You are more likely to get bitten by a Golden Retriever(The "best family dog" you can have). I rarely see someone draw back in fear when you say Akita but they hold the record for attacks, deaths, and maimings. Then there are small/toy breeds which bite often but go unreported because being small dogs they do less damage. Sorry for the rant but this subject gets under my skin because it shows that people refuse to educate themselves and just fall into an angry mob when given a chance. 

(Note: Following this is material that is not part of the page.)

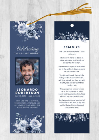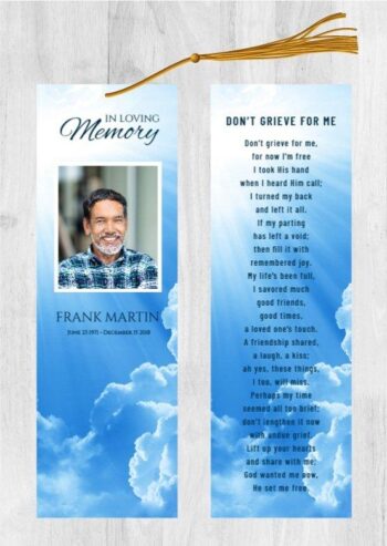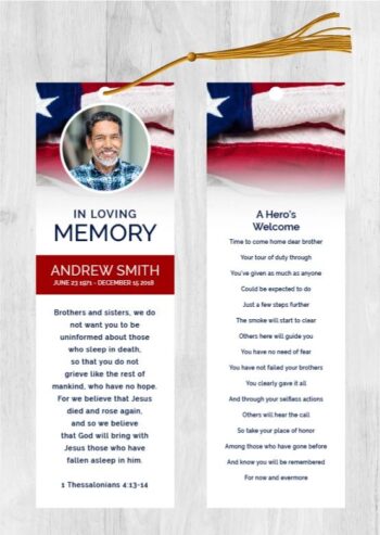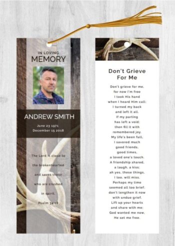 - Our memorial bookmarks (front and back) are 2.5″x8.5″
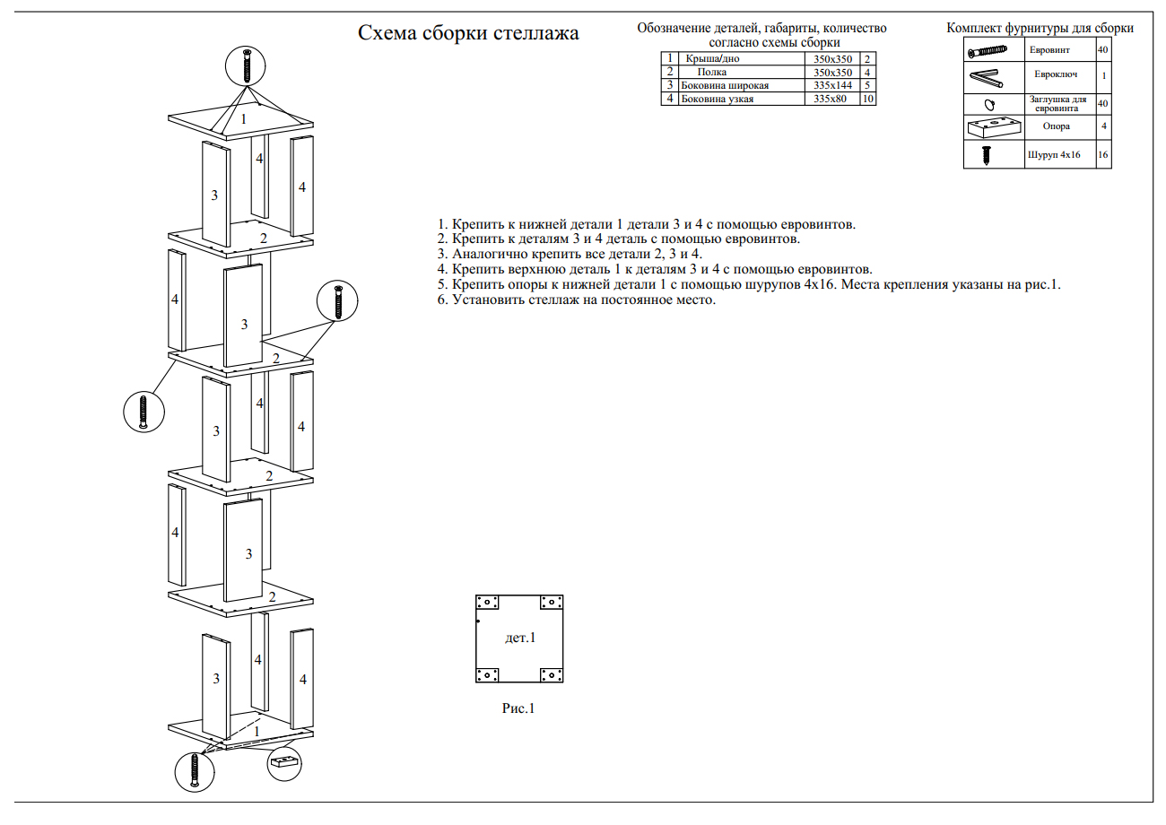 Выполнен комплект их 2-х стеллажей из прочной ламинированной ДСП 16 мм, торцы деталей закромлены плёнкой ПВХ 0,4-2 мм. Поставляется в разобранном виде, надёжно упакованной в гофрокартон, с приложенной подробной инструкцией по сборке.

BTW those faces are just adorable in my book. I have a gassy Alaskan Malamute and an American Cocker Spaniel that thinks he's a cat.


----------



## shannonpwns

I love pit bulls! They're the only breed I've ever owned for the past 10 years. 
Unfortunately, no matter how sweet my dog is, most people are terrified of him. He gets along well with dogs, cats, children....he's never ever been aggressive in any way. We have gotten a few notes on our door from some one saying how scared they are to even walk past my house knowing he's in there and may "attack at any moment" lol. Someone has told me they feared for my sons life when they saw me walking my toddler and my dog down the street together (both on leashes lol)...she actually yelled that at me from her window. My dog was viscously attacked at the dog park and didnt defend himself, and everyone blamed him, just because of his breed and I was bullied out of the park and asked not to bring him anymore. 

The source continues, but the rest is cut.